Factoring invoice allows you to bring tomorrow’s money in today
Invoice factoring – or the selling of an accounts receivable invoice to a “factor” benefits your business with the cash flow it needs.
Key points of factor invoicing
- Elimination of bad debt. A non-recourse factor will assume the risk of bad debt, thus eliminating this expense from the business’ income statement.
- Invoice processing. Factors handle much of the work associated with processing invoices, including posting invoices, depositing checks, entering payments and producing regular computer reports.

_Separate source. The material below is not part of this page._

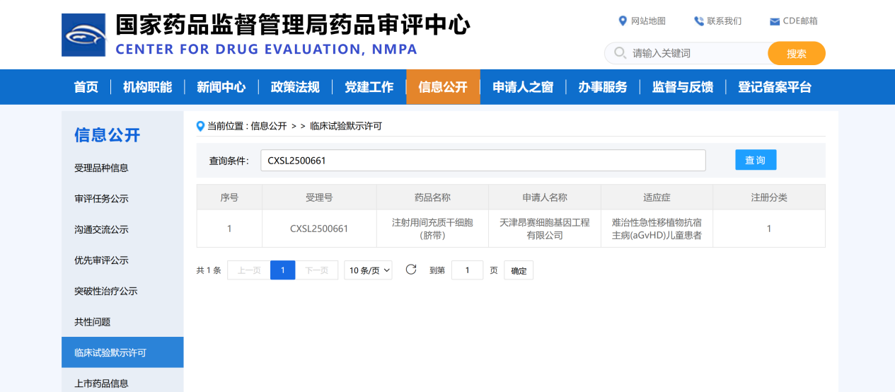 2025年11月3日, 天津昂賽細(xì)胞基因工程有限公司申報(bào)的注射用間充質(zhì)干細(xì)胞(臍帶)治療難治性急性移植物抗宿主病(aGvHD)兒童患者的適應(yīng)癥獲得國(guó)家藥品監(jiān)督管理局臨床試驗(yàn)?zāi)驹S可

- Unlimited capital. Factoring is the only source of financing that grows with your sales. As sales increase, more money becomes immediately available. This allows your business to constantly be able to meet increasing demand.
- Take advantage of early payment discounts and volume discounts. If you can save 2 – 5% of your raw materials cost because you have the cash to pay within ten days, in addition to volume purchasing, you significantly reduce the true cost of factoring.
- Stop offering early payment discounts to your clients. Since you receive your money immediately, you don’t need to offer early payment discounts. Factoring will save every dollar in discounts that your clients were taking.
- Don’t give up equity. You do not have to give up any equity in the company (as is usually required with venture capital) or take on any partners with factoring.
- Don’t incur any additional debt. Factoring is not a loan and therefore your business is not incurring any additional debt.